** AVAILABLE DATA follows **

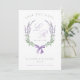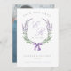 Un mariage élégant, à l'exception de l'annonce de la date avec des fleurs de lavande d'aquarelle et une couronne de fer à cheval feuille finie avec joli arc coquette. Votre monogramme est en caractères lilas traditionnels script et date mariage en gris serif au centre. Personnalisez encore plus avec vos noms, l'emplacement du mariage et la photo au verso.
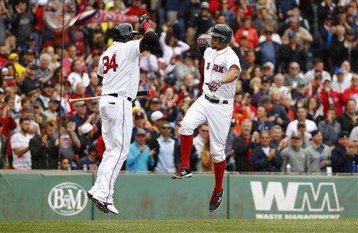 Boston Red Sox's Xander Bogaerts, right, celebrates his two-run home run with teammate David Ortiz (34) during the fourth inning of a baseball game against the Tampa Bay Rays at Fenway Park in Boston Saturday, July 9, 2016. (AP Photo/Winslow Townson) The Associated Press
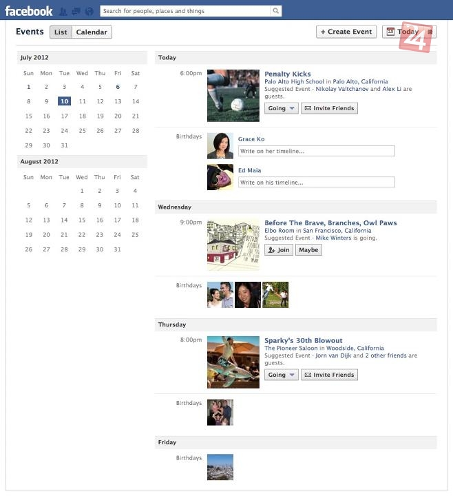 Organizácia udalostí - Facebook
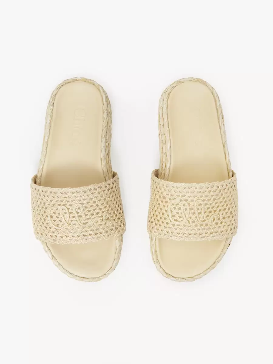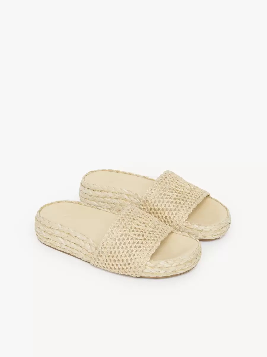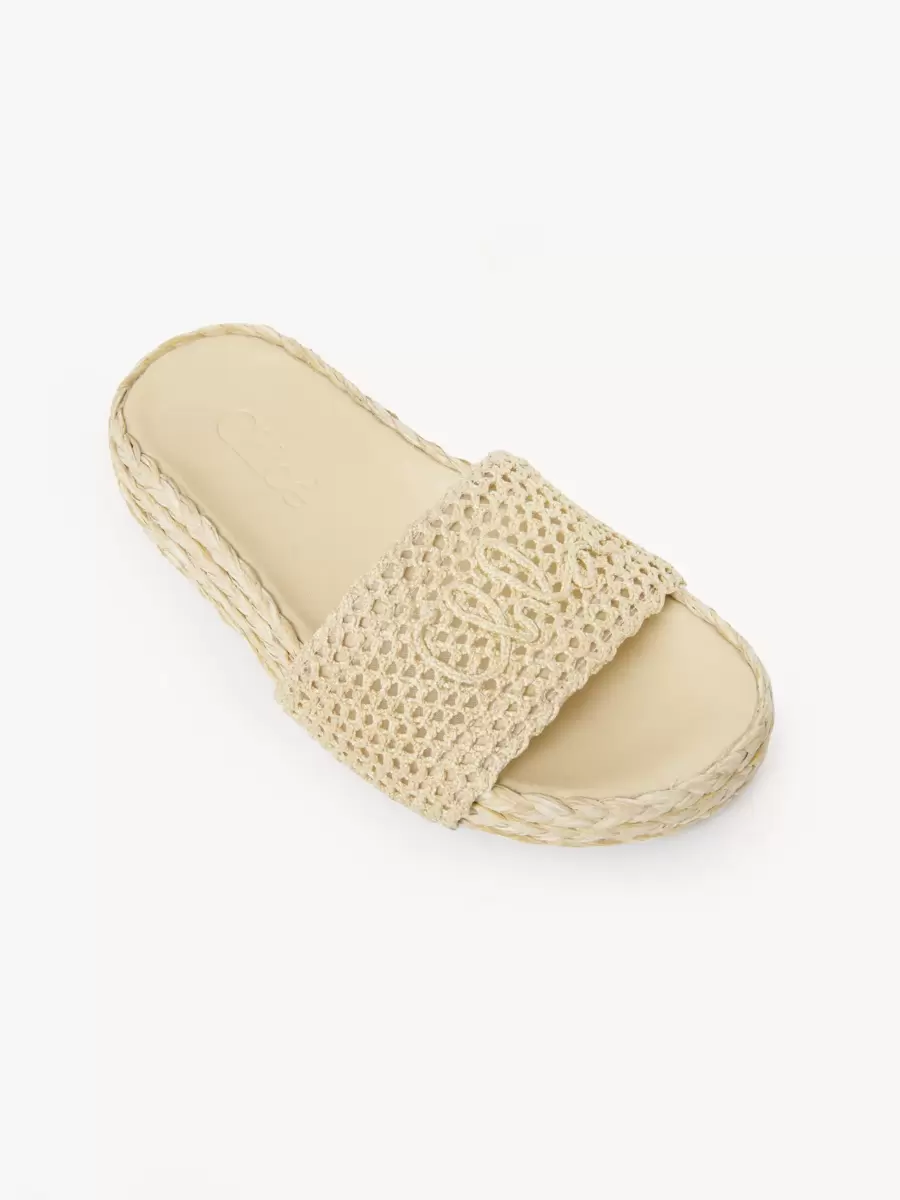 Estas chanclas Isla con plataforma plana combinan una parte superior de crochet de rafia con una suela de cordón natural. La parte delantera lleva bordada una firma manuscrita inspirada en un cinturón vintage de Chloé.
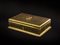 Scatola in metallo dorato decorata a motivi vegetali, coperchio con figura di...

** End of AVAILABLE DATA **

• ASSIGNED TASK:
Without the pictures, repeat exactly the lines running from the line containing "Organizácia udalostí - Facebook" through the end of the data, both ends included.

• ANSWER TO THIS EXERCISE:
 Organizácia udalostí - Facebook
 Estas chanclas Isla con plataforma plana combinan una parte superior de crochet de rafia con una suela de cordón natural. La parte delantera lleva bordada una firma manuscrita inspirada en un cinturón vintage de Chloé.
 Scatola in metallo dorato decorata a motivi vegetali, coperchio con figura di...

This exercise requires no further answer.